What is a magic header and why is it needed?

Magic header is such a special number, the task of which is to report that the given file is binary.

If there is no such "message" in the file, it can be interpreted as a text file.

Champion name

The next 128 bytes in the file take the champions name. Why 128? This is the value of the constant PROG_NAME_LENGTH, which determines the maximum length of a string with a name.

The name of our champion is much shorter. But in the bytecode, it still takes up all 128 bytes.

Because according to the translation rules, if the length of a string with a name is less than the established limit, then the missing characters are compensated by zero bytes.

In general, each character of the name is converted into an ASCII code of 1 byte size, written in hexadecimal notation:

The symbol B a t m a n
** ASCII code ** 0x42 0x61 0x74 0x6d 0x61 0x6e

Instead of the missing characters, we write zero bytes.

NULL

The next 4 bytes in the file structure are reserved for a certain control point - four zero octets.

They do not carry any information load. Their task is simply to be in the right place.

Champion exec code size

These 4 bytes contain important information - the size of the champion's executable code in bytes.

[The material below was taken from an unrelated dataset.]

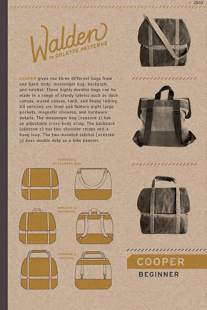 The line also has a pattern for three vintage-style satchel/backpack-type bags that I’ve been coveting:

As we recall, the virtual machine must make sure that the size of the source code does not exceed the limit specified in the constant CHAMP_MAX_SIZE. In the provided op.h file, it is equal to 682.

Champion comment

The next 2048 bytes are occupied by the champion comment. And at its core, this part is completely analogous to the Champion name part.

In the exception of how the limit on the maximum length is set by the constant COMMENT_LENGTH.

NULL

And again 4 zero octets.

Champion exec code

The last part of the file is the champion's executable code.

Unlike a name or comment, it is not padded with null bytes.

Encoding statements

In order to understand how statement coding works, we need two tables.

Statement table

First of all, we need an updated table of statements with the columns "Argument Type Code" and "Size of T_DIR".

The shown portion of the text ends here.